Nasal Tip Ptosis Or A Drooping Nose (Long Nose) occurs if the tip of the nose is longer than what is deemed ideal. Ideal varies between male and female noses. An elongated nose gives the appearance of an older person and may occur from excessive tip cartilages, elongated shape of the tip cartilages, lack of bony support to the tip, osteoporosis of the maxilla (supporting bone of the nasal tip and upper teeth), or loosening of the ligaments and connective tissue which occur with age.

The loss of maxillary support may enhance or worsen nasal tip ptosis.
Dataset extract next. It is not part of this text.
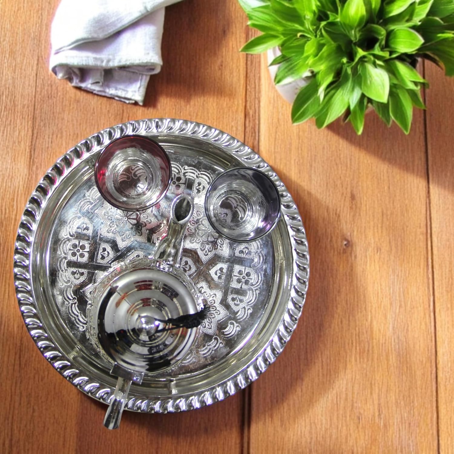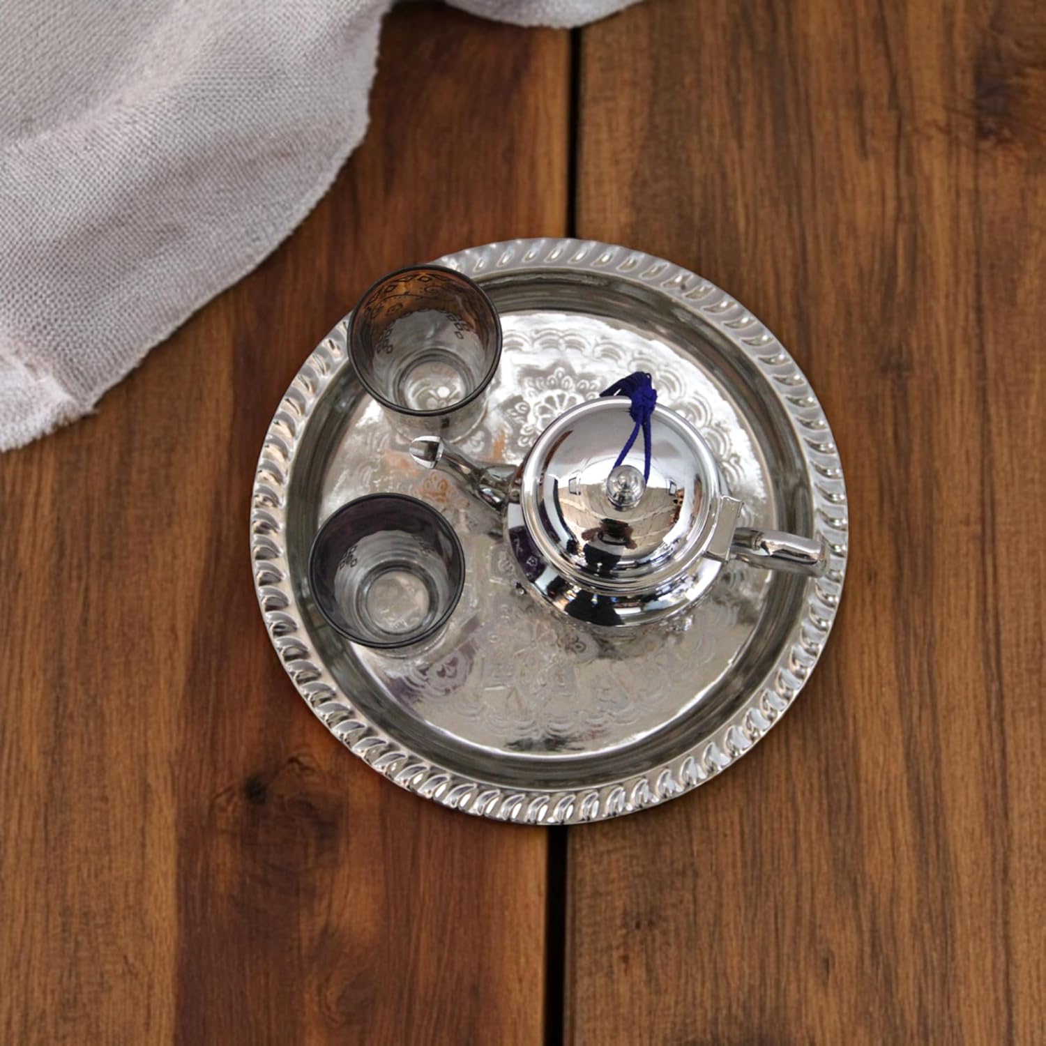 Elegant Moroccan Silver Tray for Serving & Home Décor
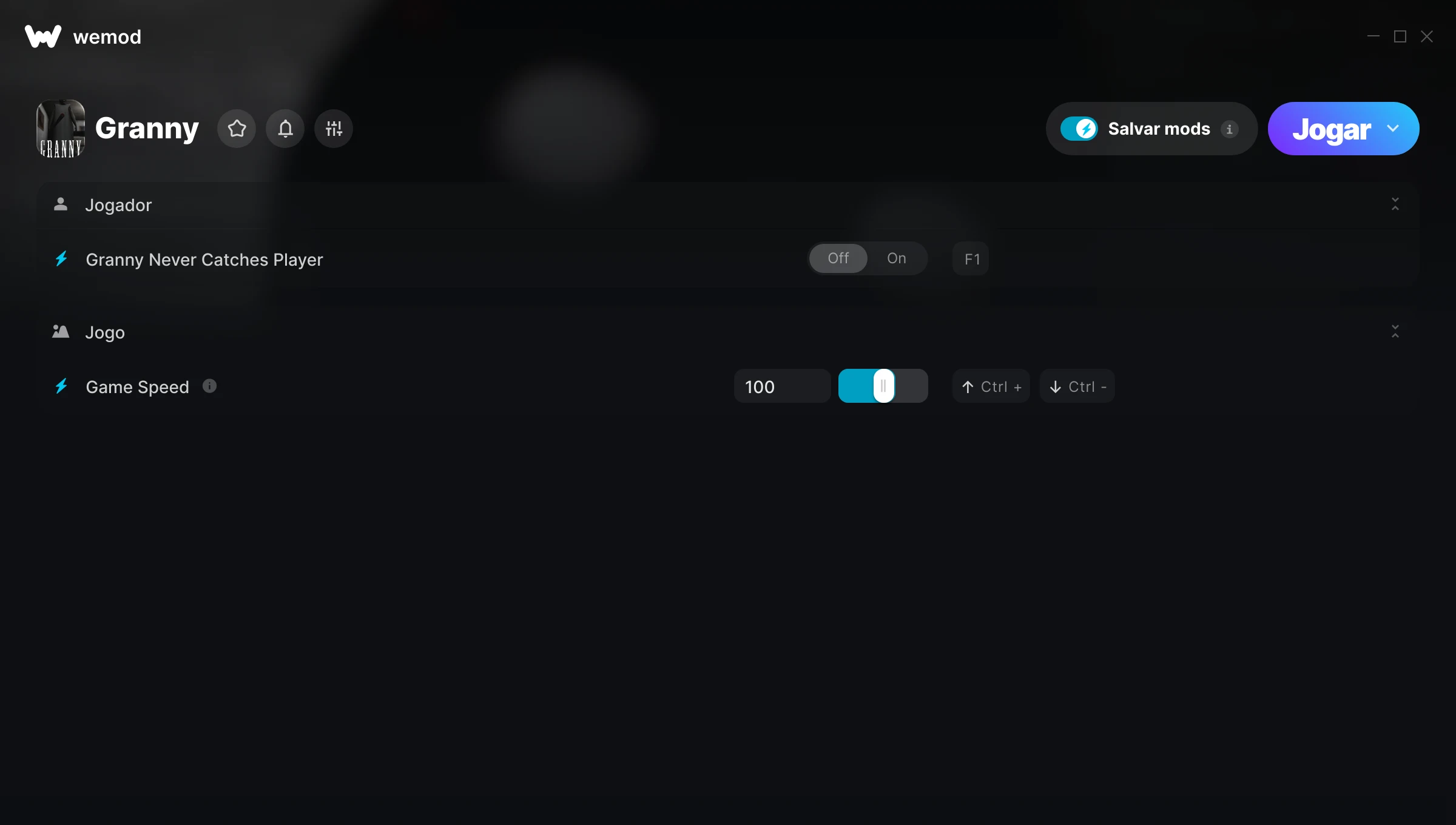 Como uso as trapaças em Granny?O WeMod exibirá todos os jogos no seu PC com segurança. Abra um jogo da lista e simplesmente pressione Jogar. Depois que o jogo for carregado e você estiver no jogo, você poderá começar a ativar diferentes trapaças!Vai funcionar com a minha versão do jogo?O WeMod usa tecnologia avançada para detectar a versão do jogo que você está rodando e avisar se é suportada. Se não for, você ainda terá a opção de tentar assim mesmo ou solicitar uma atualização!

A previous rhinoplasty may cause loss of nasal tip support and this may become worse as the person ages. Sometimes this drooping nasal tip can have a functional implication as well and cause nasal obstruction. A test one can do is to push up on the nasal tip in the nasal examination and the patient's breathing improves. Dr. Sam Rizk, a New York Facial plastic surgeon and rhinoplasty expert, discusses the functional and cosmetic implications of nasal tip ptosis in his recent teaching at the Brazilian Society of Plastic Surgeons where he lectured on "rhinoplasty in the 21st century future direction and advances".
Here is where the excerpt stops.